Hengki menjelaskan, lantaran dualisme tersebut, Tonny kemudian membentuk Perhimpunan Pemilik dan Penghuni Rumah Susun (P3SRS) GCM. P3SRS itu membawahkan kurang lebih 200 kepala keluarga.
"Diawali adanya dualisme kepemimpinan dan kemudian adanya pembentukan P3SRS GCM oleh Pak Tonny Soenanto dan di sini pembentukan ini dianggap oleh kepengurusan yang lama tidak kuorum dan melanggar AD dan ART," katanya.
SCROLL TO CONTINUE WITH CONTENT
Hengki menjelaskan, akibat dualisme kepengurusan itu, warga lama tetap dikenai iuran melalui PT Duta Pertiwi, begitupun dengan warga baru. Namun kemudian listrik dan air untuk warga dipadamkan lantaran diduga tidak dibayarkan oleh pengurus.
"Kemudian terjadi pemadaman listrik bahwa dalam perkembangannya sejak adanya RULB ini bahkan setelah adanya SK Kepala Dinas Perumahan dan kawasan pemukiman Nomor 591, 592 dari kepengurusan Pak Tonny Soenanto ini mengumumkan agar membayarkan IPL listrik dan air kepada mereka terhadap 200 orang ini," ujar dia.
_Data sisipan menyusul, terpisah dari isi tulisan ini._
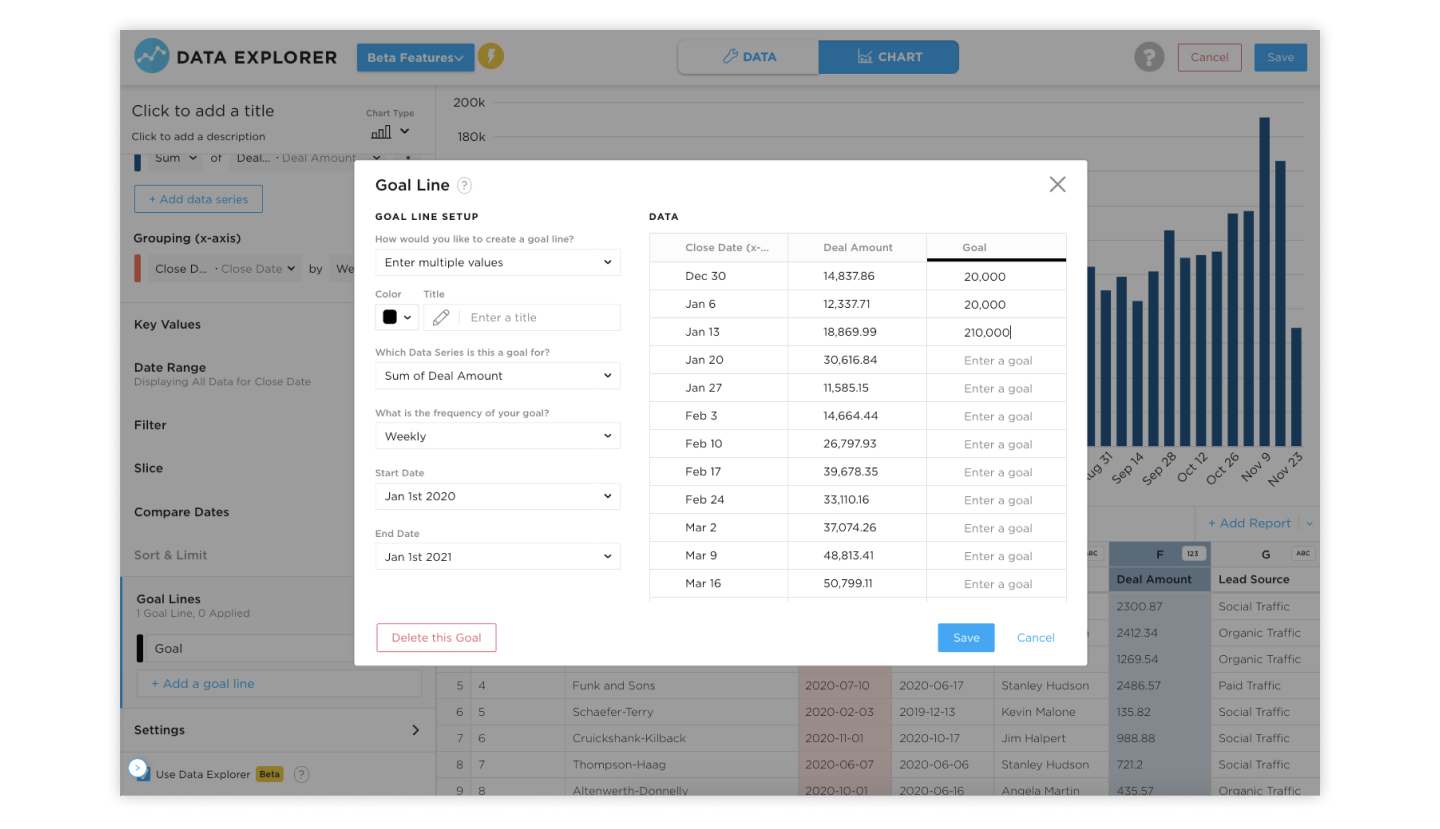 In the Data Explorer, you can add a dynamic goal. Set the time period and group you are defining your goal for. For example do you have weekly, monthly or quarterly goals.

"Warga sebagian membayarkan kepada PTRS ini, namun fakta pemeriksaan kami PLN ataupun listrik sama sekali tidak pernah dibayar. Ini yang menjadi akar permasalahan yang terjadi selama kurun waktu 2014 sampai dengan saat ini. Listrik sama sekali tidak dibayar dan ini sudah diakui juga oleh pengurus bahwa hanya membayar air saja. Nah ini yang menjadi akar permasalahan sehingga menjadi konflik di apartemen ini," imbuh Hengki.